A tiny throw-away tube of silicone could be included with the adapter. Other people package it besides G.E.

The stuff would not damage bluing or aluminum and it comes right off anytime. A new bead of silicone would perfect-fit it to another gun which might have a slightly different frame profile. So no adapter has to be permanently modified to fit only one particular gun. The silicone custom fits it, if the adapter's mating surface is kept slightly concave, to hold silicone.

Another suggestion: Experimentation should show what proportion of powdered aluminum or metallic pigment mixed into the resin would make the adapters a dead ringer for metal. And with good molds, they ought to look almost like they are polished.

By the way, you can mix various pigments with the clear silicone also, if you want even the hairline frame/adapter joint to be the "right" color.
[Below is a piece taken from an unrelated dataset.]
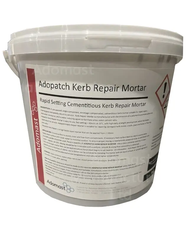 Adomast Adopatch Kerb Repair 8kg is a single-component rapid-setting cementitious repair mortar facilitating quick return to service. The mortar has a working time of 10-15minutes and a setting time of 20-30 minutes at 20oC. It has been developed for the rapid repair of kerb stone, cracks and holes in flooring, walls, stairs and steps. It can be ready for overcoating within 90 minutes. It is suitable for vertical applications – no cracks or sagging. It is shrinkage-compensated and crack-free.

I've played around with pigments in molded synthetics in bygone years, and it doesn't take much to get some pretty nice effects. And with most epoxies, you would have to use far too much of it before coming close to interfering with strength or setting/curing characteristics.

And another one: A Dremel tool with a 1/2" sanding drum and an AMERICAN MADE coarse slip-on sanding insert will take care of all your removal of material from the inner area which fits against the frame. Just don't run it too fast, or it will heat and soften your part, and the sanding surface will permanently load up. Then you'll have to spend $.30 on another one. There is little danger of slipping and ruining the part, or your anatomy, and one insert would do many, many pieces. I have not yet found a Chinese insert that lasts more than a few seconds. The good ones are great for wood, plastic, even steel. I use them for shaping custom wood grips, where I may need to remove a lot or just a little wood in the easiest, quickest way.

Good luck. Great project. You must be having a lot of fun with this.